— Самое важное, — начал генерал Лакубайт, — самое важное вот что: вы должны очистить свой полк. Вышвырните примерно половину. Нам потребуются точные сведения о происхождении каждого из тех, кто останется. Полковник Тарабас, мы строим сейчас новую армию. Надежную армию. Людей посторонних, которых вы не можете сохранить, мы выдворим из страны, или посадим, или передадим тем либо иным консульствам. Короче, мы от них избавимся, любыми способами. Собственно, не имеет значения, какими именно. Сохраните музыкантов! Музыка очень важна. Сохраните, по возможности, людей, умеющих читать и писать. Но денежное содержание выплатите всем! В том числе и тем, кого отошлете. Чтобы вам было легче их разоружить, распорядитесь завтра и послезавтра выдавать пиво. Можете им сказать, это подарок генерала. Ну что ж, у меня все! — заключил Лакубайт и встал.
В молчании, как и прибыли, они поехали на вокзал. Настал вечер. Вокзал находился на западной окраине Коропты. По прямой как стрела дороге они катили навстречу закатному солнцу, которое сквозь тучи дыма маневрирующих паровозов показало над желтым фронтоном вокзала свое печально-румяное лицо. Оно отражалось в огромном черном лакированном козырьке высокой генеральской фуражки. Элегантный лейтенант на заднем сиденье молча и оцепенело смотрел на это отражение.
— Всего доброго! — сказал генерал Лакубайт, прежде чем подняться в вагон.

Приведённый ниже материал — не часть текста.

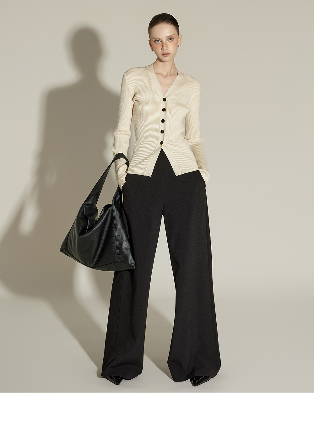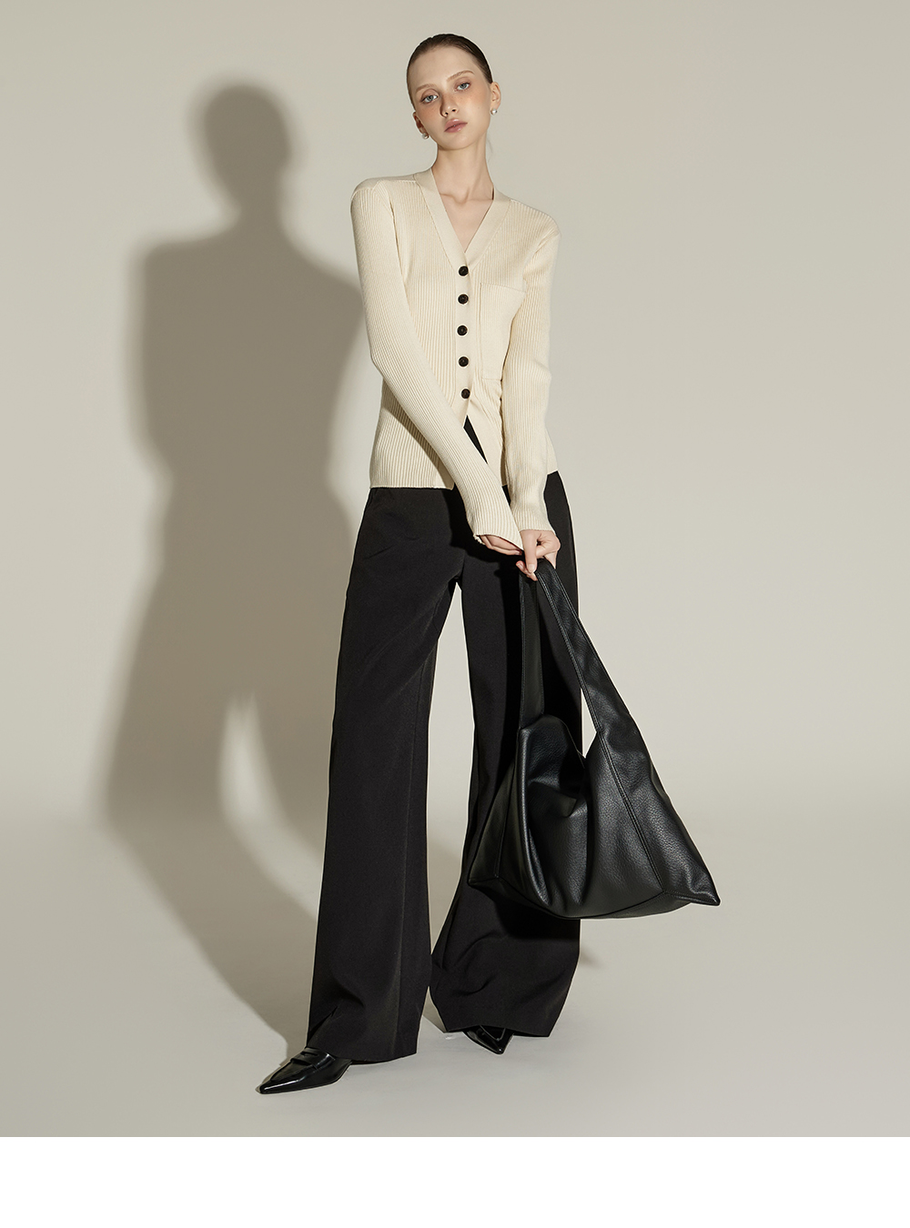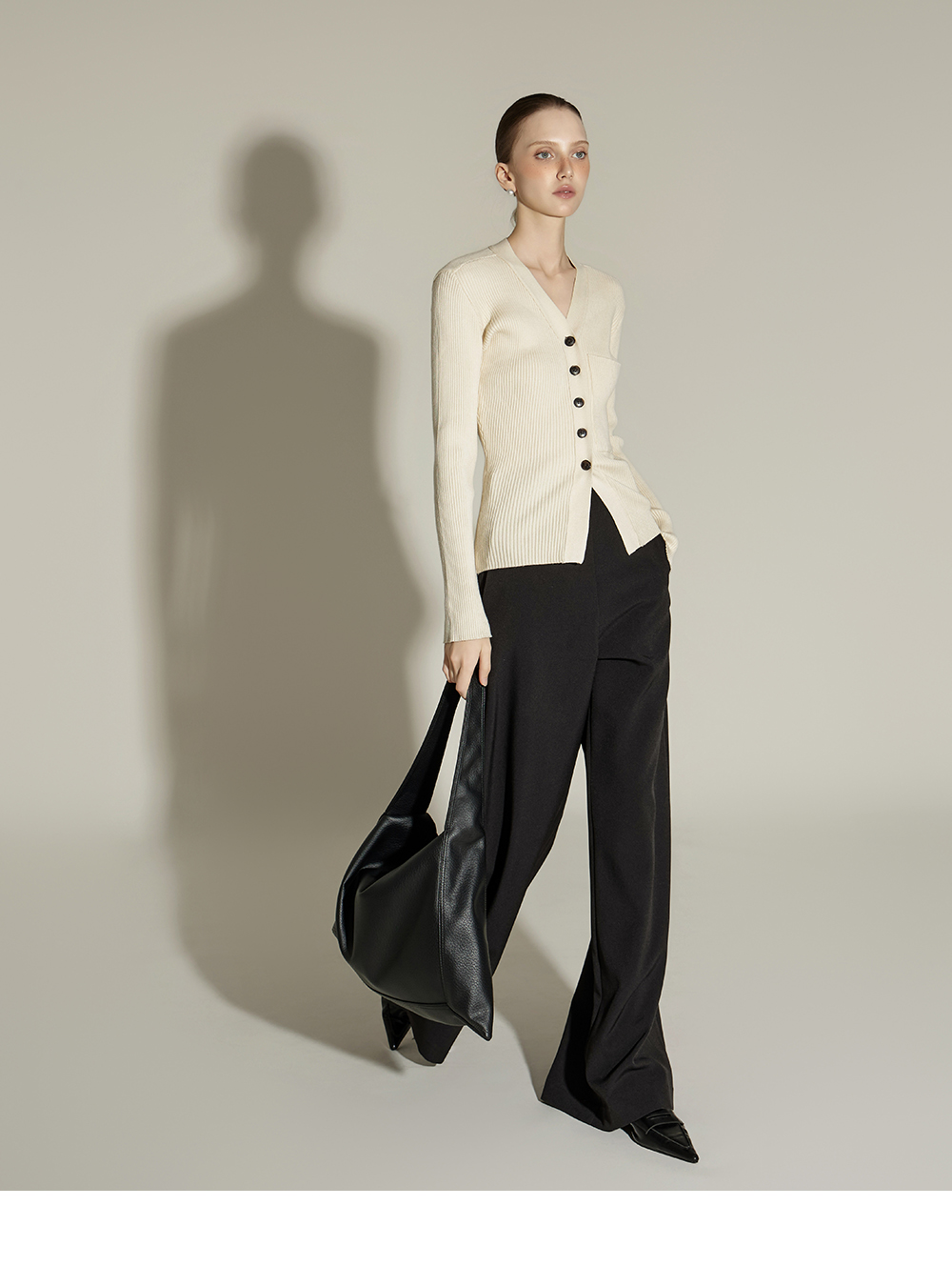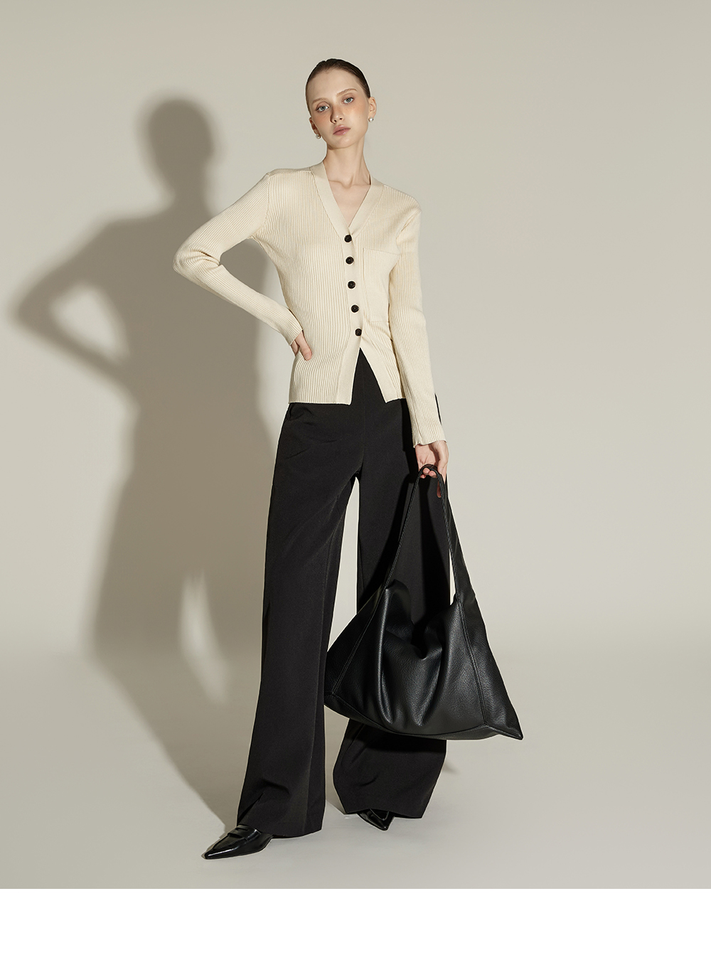 这是一款日常风格的开衫。 采用人造丝与聚酯纤维混纺面料,手感柔软且富有弹性,ONE 尺码设计可自然贴合身体线条,呈现流畅的剪裁轮廓。 罗纹针织凸显修身效果,面料富有弹性,穿着舒适。 前襟纽扣设计收边整洁,胸前口袋细节增添低调亮点,散发女性化又日常的氛围,是换季时期实用单品。 可单穿,也可与多种内搭组合,轻松打造时尚造型。 174CM 模特穿着 ONE 尺码,示范米色款。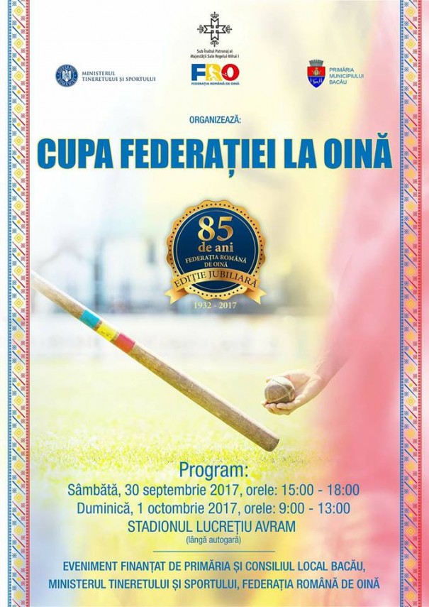 Cupa Federaţiei la Oină, competiție ce va avea loc sâmbătă și duminică la Bacău, va închide sezonul pe iarbă în sportul nostru național. Competitia,organizata de Federatia Romana de Oina, Primaria Municipiului Bacau si Ministerul Tineretului si Sportului, in colaborare cu Directia Judeteana pentru Sport si Tineret Bacau si Inspectoratul Scolar Judetean Bacau ,se va derula dupa urmatorul program:-sambata 30 septembrie:-ora 14.00- sedinta tehnica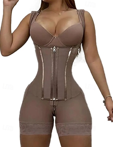 Жен. Корсет Корректирующее белье Утягивающее белье Корректирующее белье Комбинезоны Сексуальный корсет Мода Секси Чистый цвет Молния Отпуск Для улицы Свидание Без рукавов U-образный вырез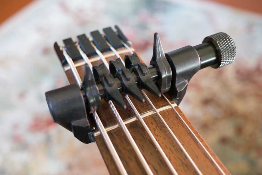 Чтобы измерить прогиб нам понадобится помощь другого человека или же можно использовать каподастр, чтобы прижимать струну на первом ладу. В моем арсенале имеется такой вот каподастр, с возможностью индивидуально прижимать каждую струну. Но, в данном случае это не принципиально.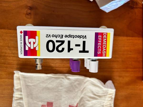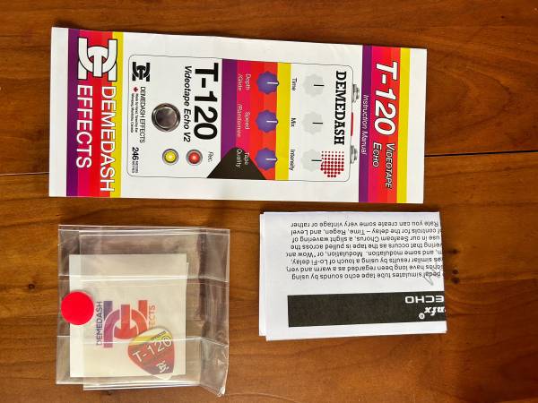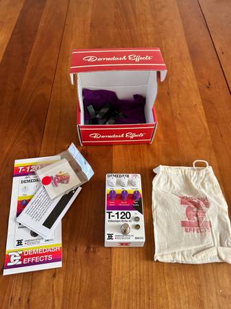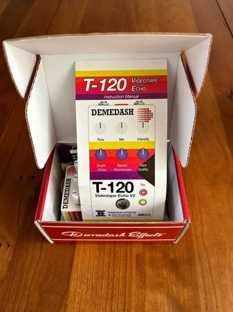 Demedash T-120 in excellent condition. Cool sounding retro tape delay. Does some chorusing as well. Comes with everything that came with it when was new; guides, stickers, cloth bag, unused pick.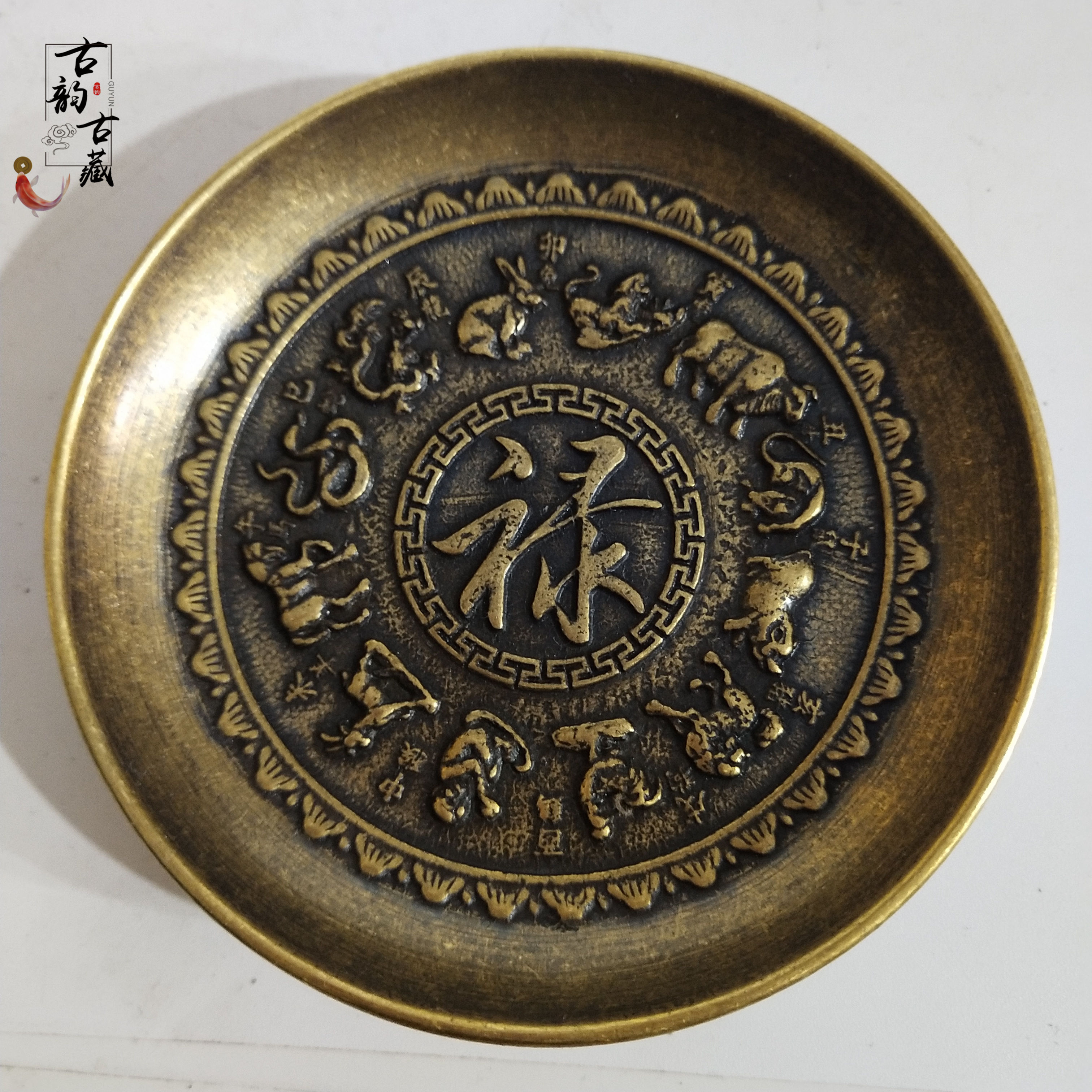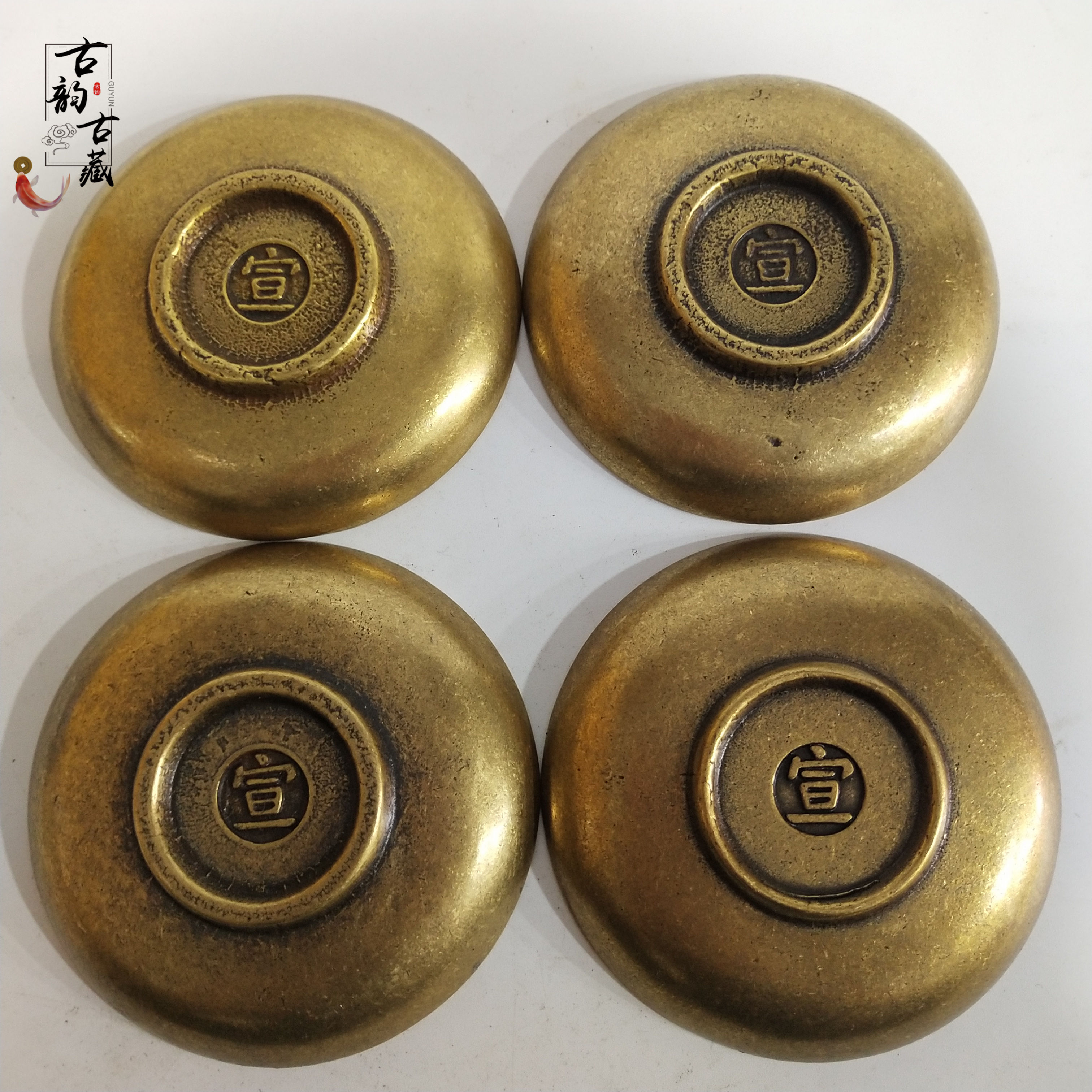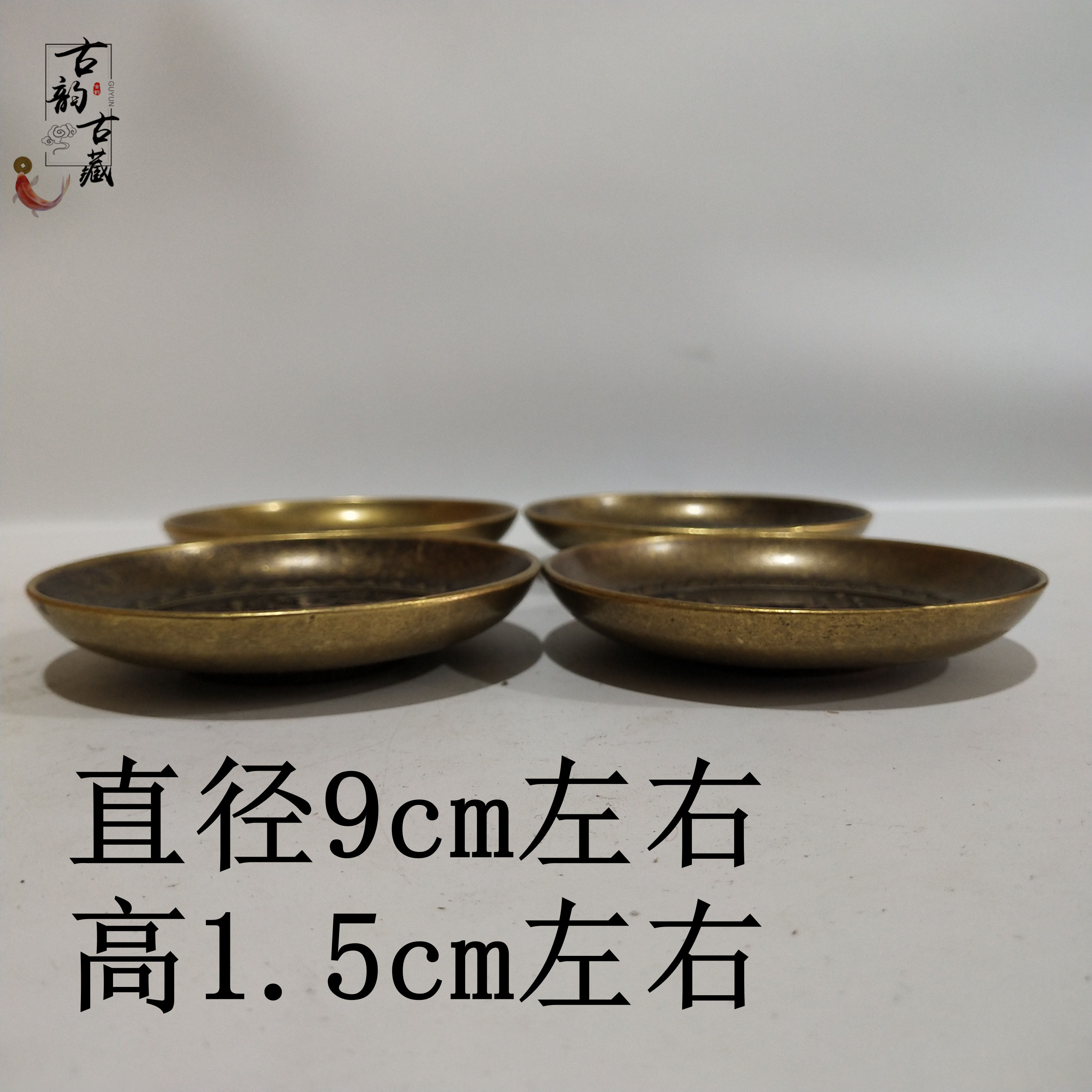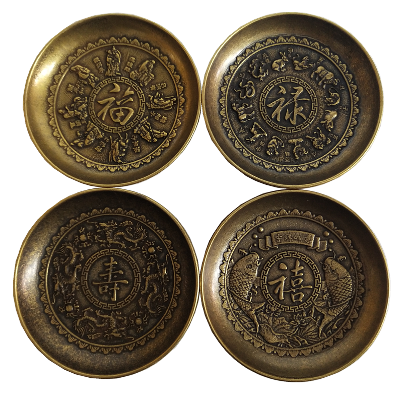 Antique antique Xuan bottom Fu Lu Shouxi small copper plate ornaments A set of retro copper plates Household coasters tea tray craft gift ornaments

Странно теплой была его костлявая ручонка, беспомощная пичужка в мощном кулаке мощного Тарабаса. — И не забудьте про пиво, и про шнапс тоже, если надо, — добавил Лакубайт в открытое окно.
Поезд тронулся, могущественный Тарабас остался в одиночестве; ему казалось, никогда в жизни он не был так одинок.
XIII
Вот почему вечером этого злополучного дня он пил куда больше обычного. Пил так много, что еврей Кристианполлер начал подумывать, как бы украдкой разбавить ему водку водой. Жизнь более не радовала трактирщика Кристианполлера, хотя он уже знал, что вчера под вечер доставлены два ящика с денежным содержанием для рядовых и жалованьем для офицеров. Двое унтер-офицеров и шестеро солдат, все с карабинами на изготовку, сопровождали автомобиль. Он до сих пор стоял во дворе Кристианполлера. Ящики лежали в кладовке. У входа взад-вперед расхаживал часовой. Он-то и мешал еврею разбавить водку. Над дверью в кладовку тихонько раскачивался на ночном ветру фонарь, распространявший по двору мутный желтоватый свет. В зале слышались только мерные, чеканные шаги часового, хотя все офицеры, как обычно, сидели за столом. Но они не разговаривали, а шептались. Потому что посередине, словно на островке молчания и как бы окруженный стеной сверкающего безмолвного льда, сидел грозный полковник Тарабас, один за своим столом. Он пил.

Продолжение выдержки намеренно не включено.